═══ AVAILABLE DATA
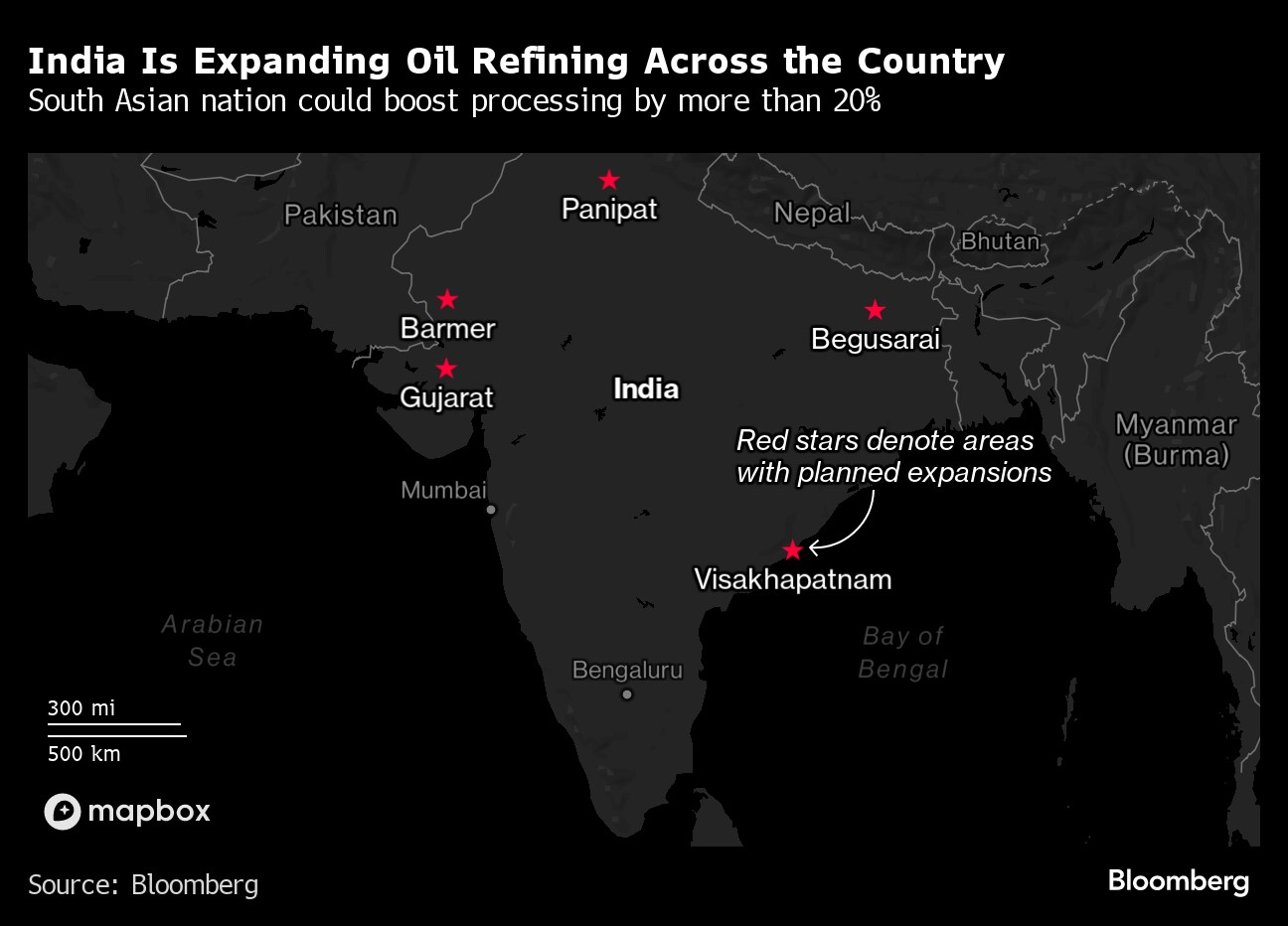 It's a rare boost for a global refining industry that's in a state of decline in the US and Europe, while China's massive sector is adjusting to Beijing's green goals after years of development made it a processing powerhouse. By contrast, India's growing transport demand and the slower adoption of electric vehicles will keep appetite for gasoline and diesel higher for longer.
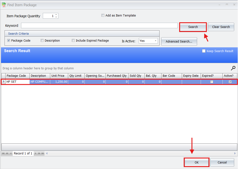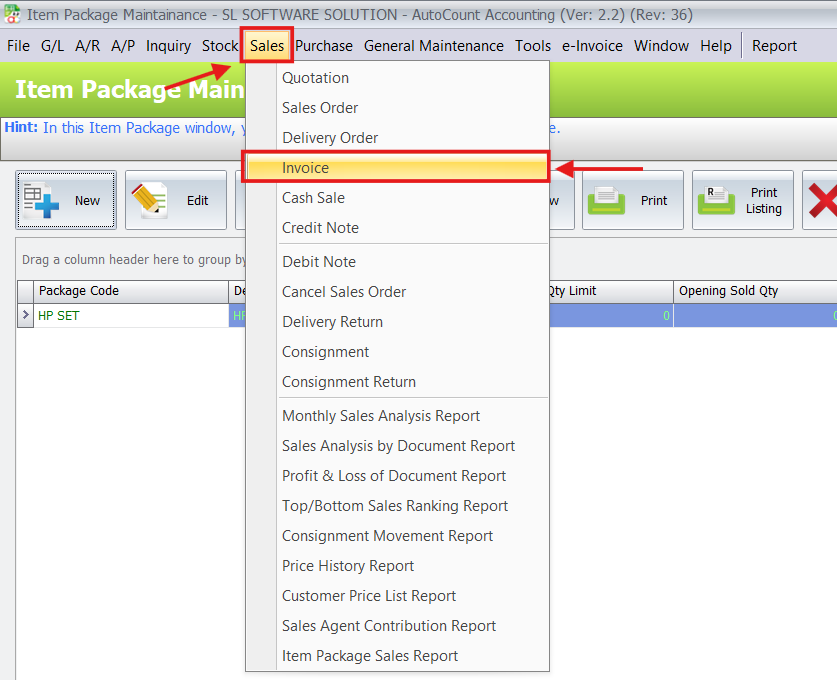 - Go to Stock > Item Package Maintenance.
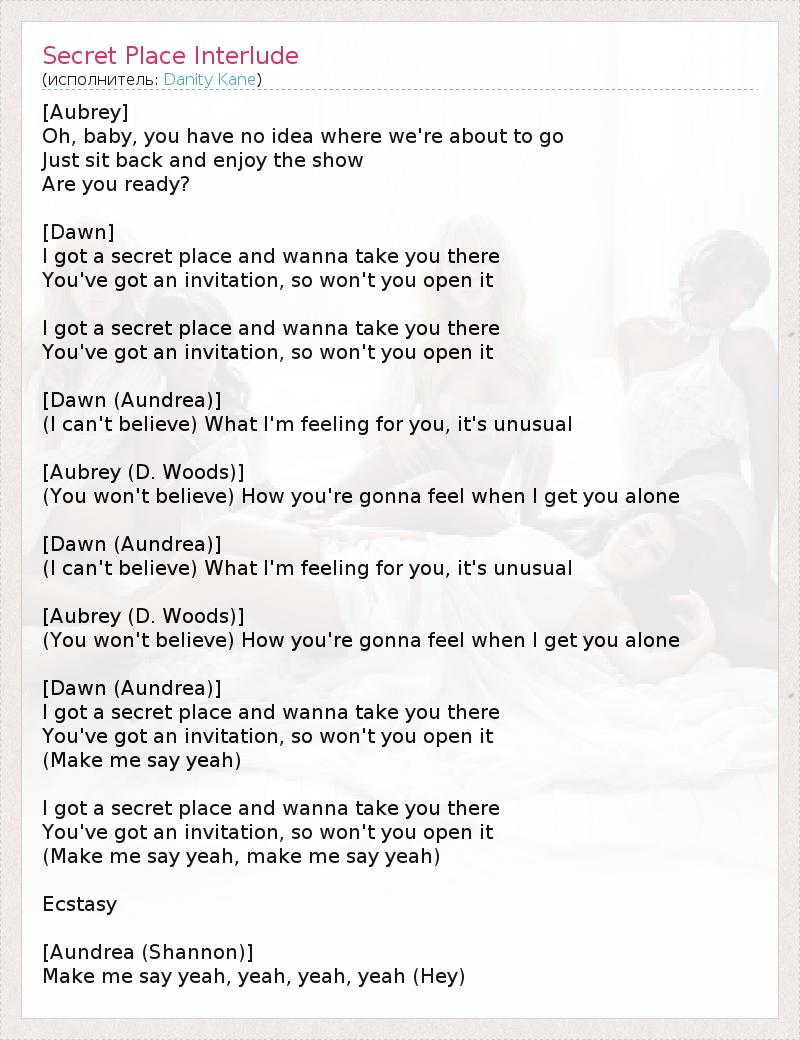 А как ты думаешь, о чем песня "Secret Place Interlude" ?
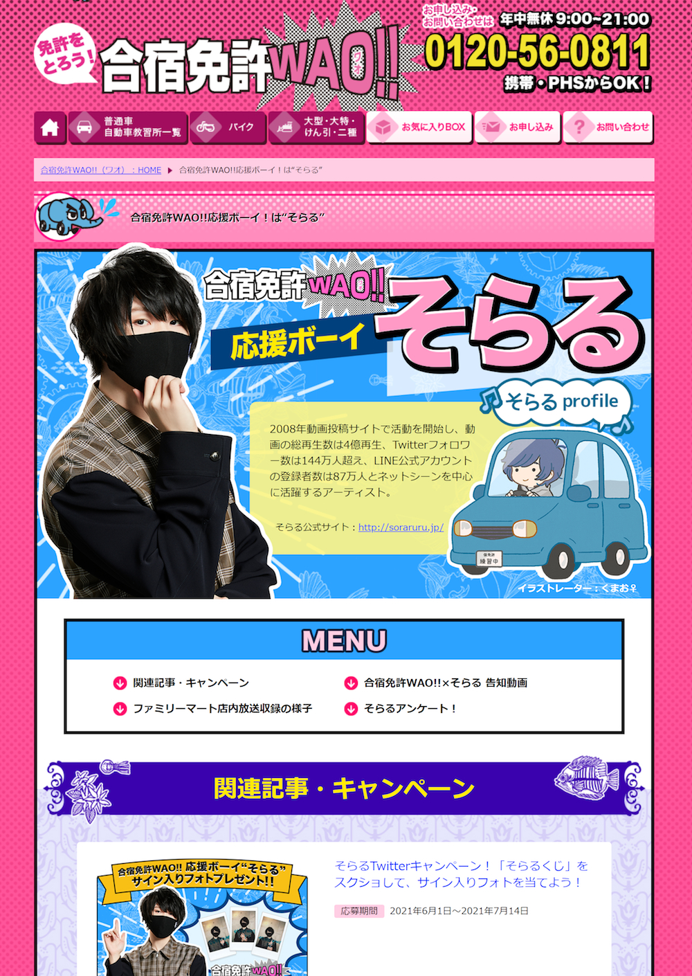 そらるが合宿免許の予約サイト「合宿免許WAO!!」の応援ボーイに就任した。
══════
PROBLEM DETAILS: Repeat the listing exactly, pictures excluded.

RESPONSE TO THIS EXERCISE:
 It's a rare boost for a global refining industry that's in a state of decline in the US and Europe, while China's massive sector is adjusting to Beijing's green goals after years of development made it a processing powerhouse. By contrast, India's growing transport demand and the slower adoption of electric vehicles will keep appetite for gasoline and diesel higher for longer.
 - Go to Stock > Item Package Maintenance.
 А как ты думаешь, о чем песня "Secret Place Interlude" ?
 そらるが合宿免許の予約サイト「合宿免許WAO!!」の応援ボーイに就任した。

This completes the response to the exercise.